WORK TASK
From the line with "its peculiar beauty." to the line with "on wooden background", retype each line exactly as it stands in the records below, but skip the pictures.

:: INFORMATION GIVEN ::

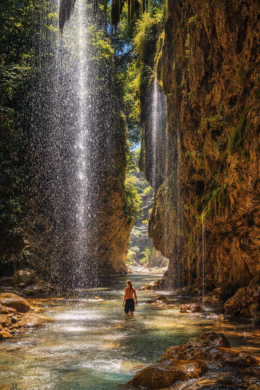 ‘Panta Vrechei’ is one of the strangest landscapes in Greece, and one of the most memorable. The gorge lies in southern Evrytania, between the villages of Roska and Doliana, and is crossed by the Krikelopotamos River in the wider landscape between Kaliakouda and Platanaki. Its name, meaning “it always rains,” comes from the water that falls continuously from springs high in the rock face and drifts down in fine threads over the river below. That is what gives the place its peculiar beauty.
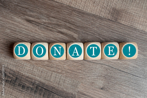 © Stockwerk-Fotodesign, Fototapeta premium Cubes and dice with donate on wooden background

:::
:: INFORMATION GIVEN ::

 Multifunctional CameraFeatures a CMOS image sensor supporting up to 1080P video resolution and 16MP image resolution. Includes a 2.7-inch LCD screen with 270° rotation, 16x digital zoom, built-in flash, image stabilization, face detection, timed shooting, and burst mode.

:::

SOLUTION FOR THIS TASK
 ‘Panta Vrechei’ is one of the strangest landscapes in Greece, and one of the most memorable. The gorge lies in southern Evrytania, between the villages of Roska and Doliana, and is crossed by the Krikelopotamos River in the wider landscape between Kaliakouda and Platanaki. Its name, meaning “it always rains,” comes from the water that falls continuously from springs high in the rock face and drifts down in fine threads over the river below. That is what gives the place its peculiar beauty.
 © Stockwerk-Fotodesign, Fototapeta premium Cubes and dice with donate on wooden background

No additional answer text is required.